One area where WesWell’s This is Why donation could prove particularly useful is in providing safer sex supplies. As the office writes in its commitment statement, “Safer sex supply availability on campus sends the clear message that engaging in safer sex practices is important in any sexual relationship, no matter if it is short or long term.” Student organizations that purchase large orders of the supplies place a considerable strain on the office’s ability to distribute them free of charge. This gift is crucial to the office’s mission of offering both material and emotional support to the University community at an affordable cost.

In the near future, Purdy believes that she needs to do further research to determine exactly how the funds for such a sizable gift will be allocated.

“I would like to conduct another student health needs assessment to see what would be the best use of WesWell’s resources in terms of impacting overall wellbeing so that students can succeed academically and personally,” Purdy wrote.

Purdy also hopes that news of the gift will spark further interest in getting students to volunteer for WesWell. The office offers two paid positions for University students, including hosting four WesWell Interns who advise the Director of Health Education and Peer Health Advocates.
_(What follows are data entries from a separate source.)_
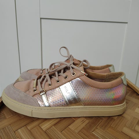Pent brukt hvite sneakers i skinn, merke Tommy Hilfiger, selges. Str 39
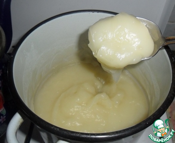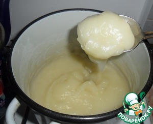 В 120 мл воды растворить крахмал, аккуратно тонкой струйкой влить в сладкую лимонную воду, поставить на огонь и тщательно помешивать, пока начинка не станет консистенцией, как пудинг.
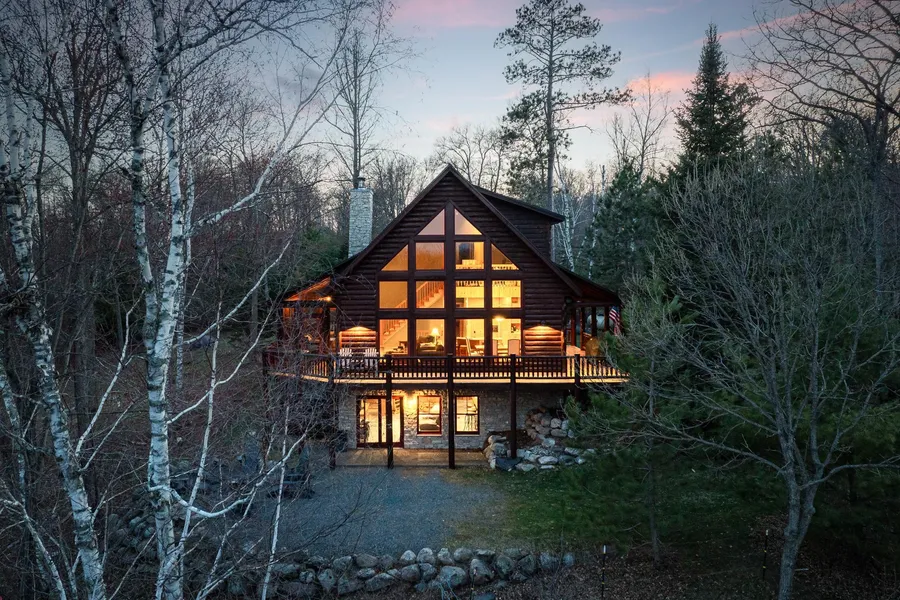 Welcome to the Whitefish Chain of Lakes on Wilderness Trail. This exquisite hand-hewn log accented home features four distinctly appointed bedrooms and four baths. Every detail was meticulously designed to leverage the natural beauty of the 2 acres of land. Features include an open floor plan with two story great room/kitchen/dining area accented by a floor-to-ceiling stone fireplace perfect for entertaining, granite countertops, cherry hardwood cabinets, rustic cherry floors, main-floor primary suite, main & upper floor laundry, new Emtek hardware throughout, spacious three season screened porch with attached wrap-around deck, outdoor hot tub/spa, generator electrical hook-up, walkout lower level with Knotty Alder built-ins, 9 foot ceilings and custom shiplap paneling that you must see to appreciate. Enjoy two covered boat slips, land includes 2 lots, extra lot is buildable, nearby trails and community center for pickleball and fitness, all just minutes from Crosslake. The updates include a new roof, fresh paint, and exterior staining. You will notice the superior quality of the materials and craftsmanship at every turn as you enjoy quiet morning sunrises, starlit nights and lake days.
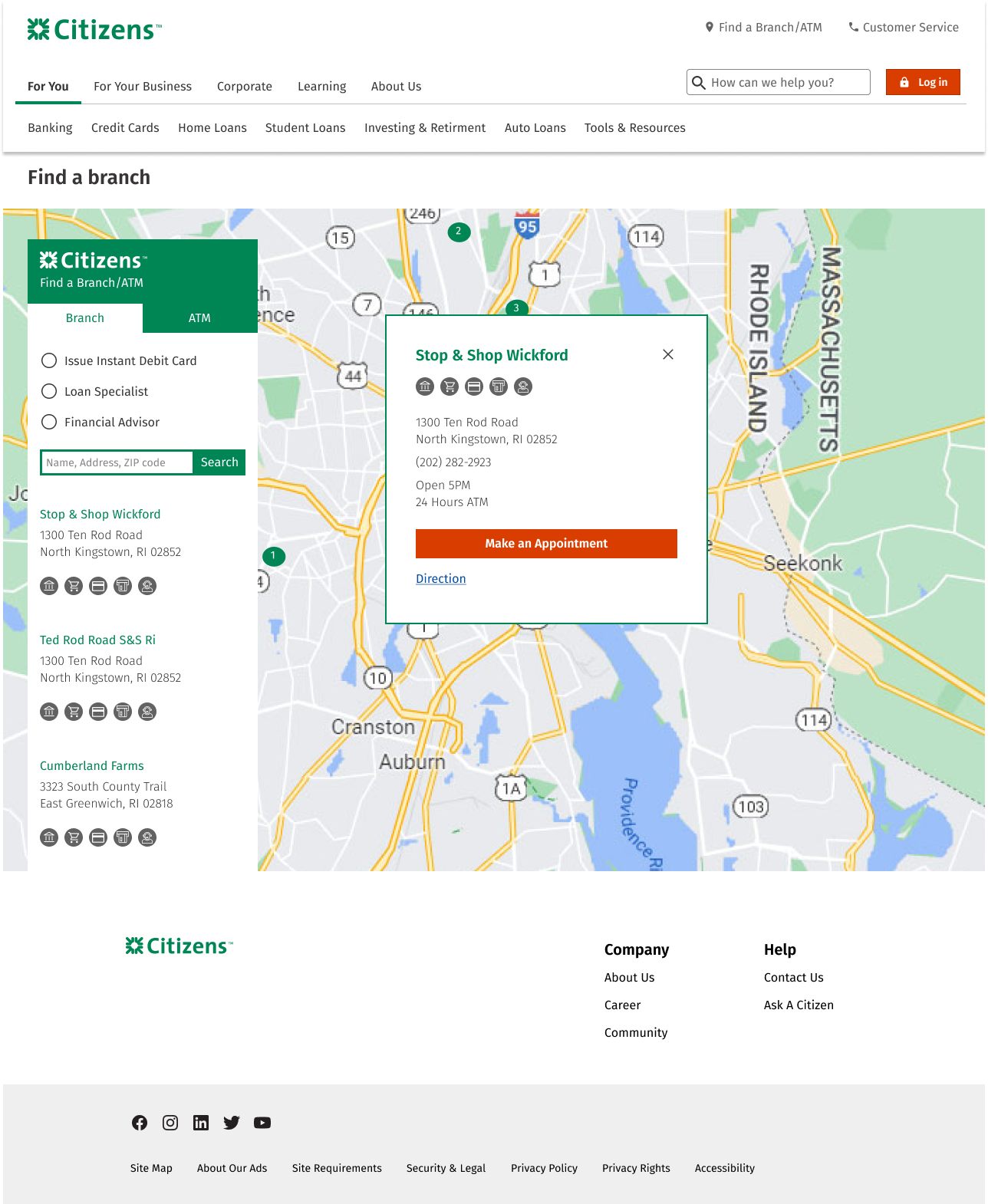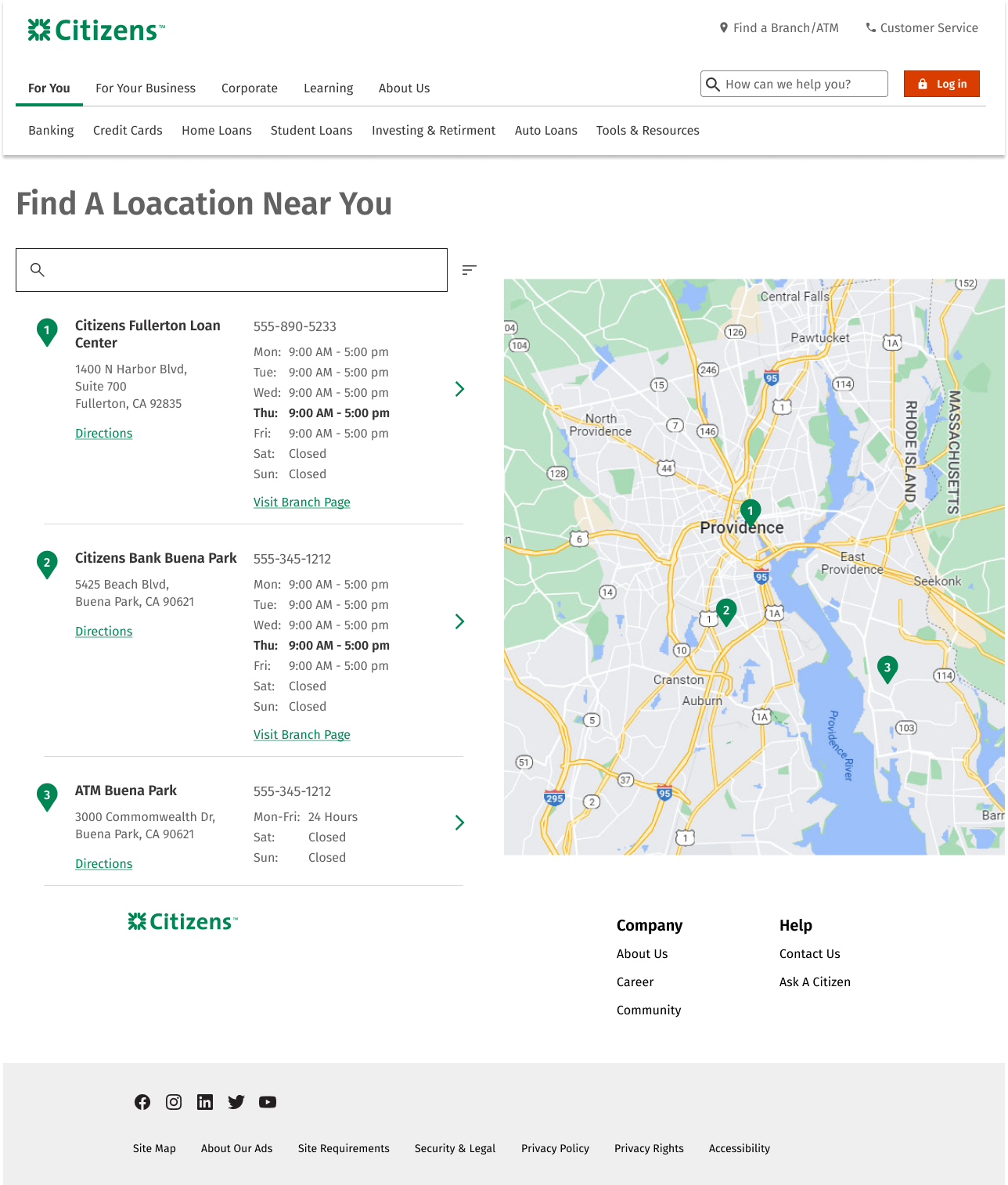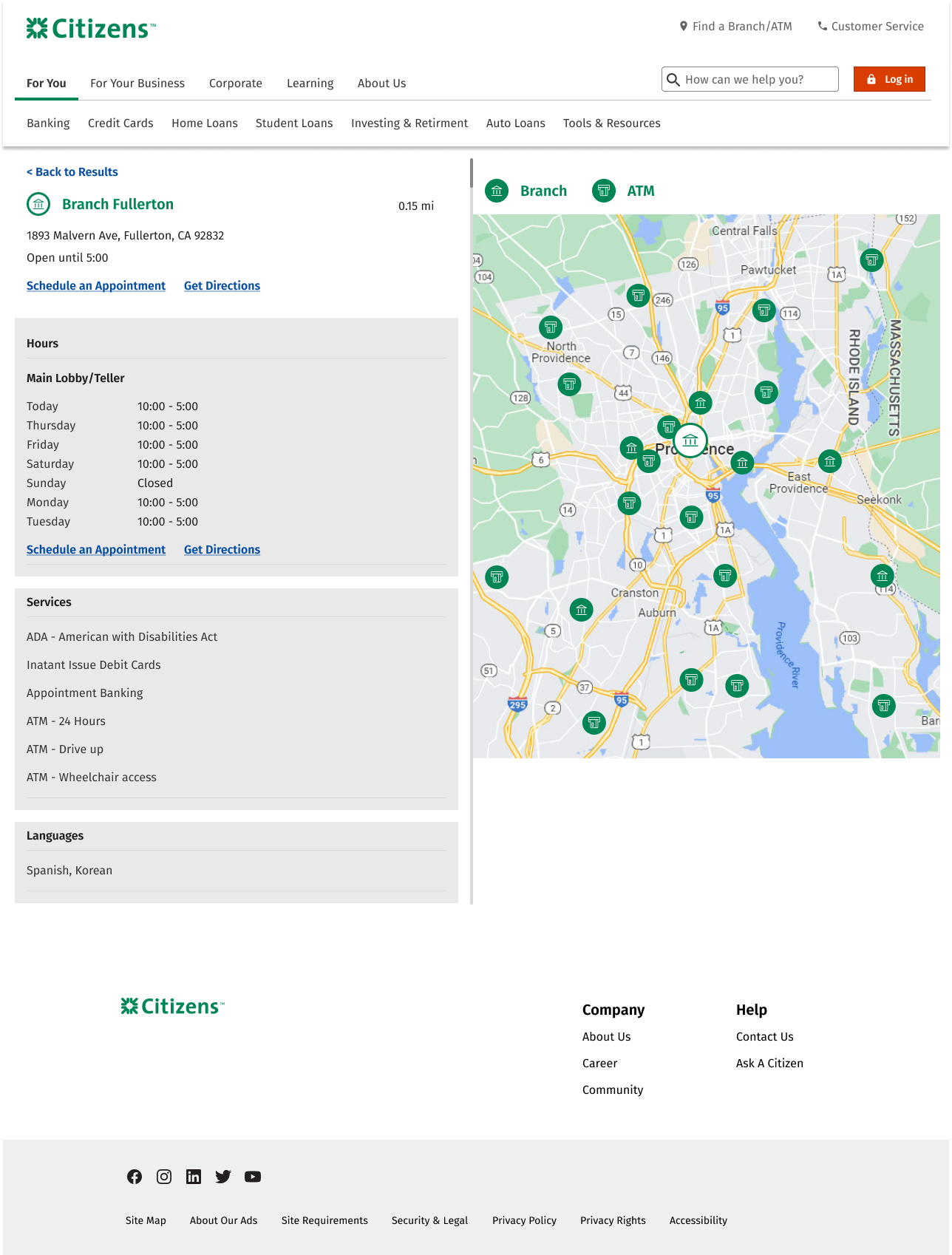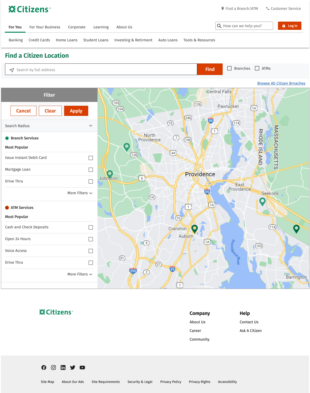 This is a renewal project for the company’s branch locator. To make a final decision, I applied various competitors’ structure and flow to Citizen’s design system. There are total of 15 different concept following the top banks’ sorting component and maps. The concepts are inspired by top banks such as Bank of America, Chase, Wells Fargo, US Bank, TD Bank, Hana Bank, Citi Bank and more…

The other paid position is as manager of WesBAM!, Wesleyan’s Body and Mind program which offers a variety of dance and exercise classes.

“WesWell’s volunteers play a huge role in making all of the programs successful,” Purdy wrote. “We rely on them to deliver much of the education and resources that WesWell offers. Our hope is to provide all of our volunteers with an experience that allows them to gain some professional development in the fields of health education and public health in return for their very valuable time and energy.”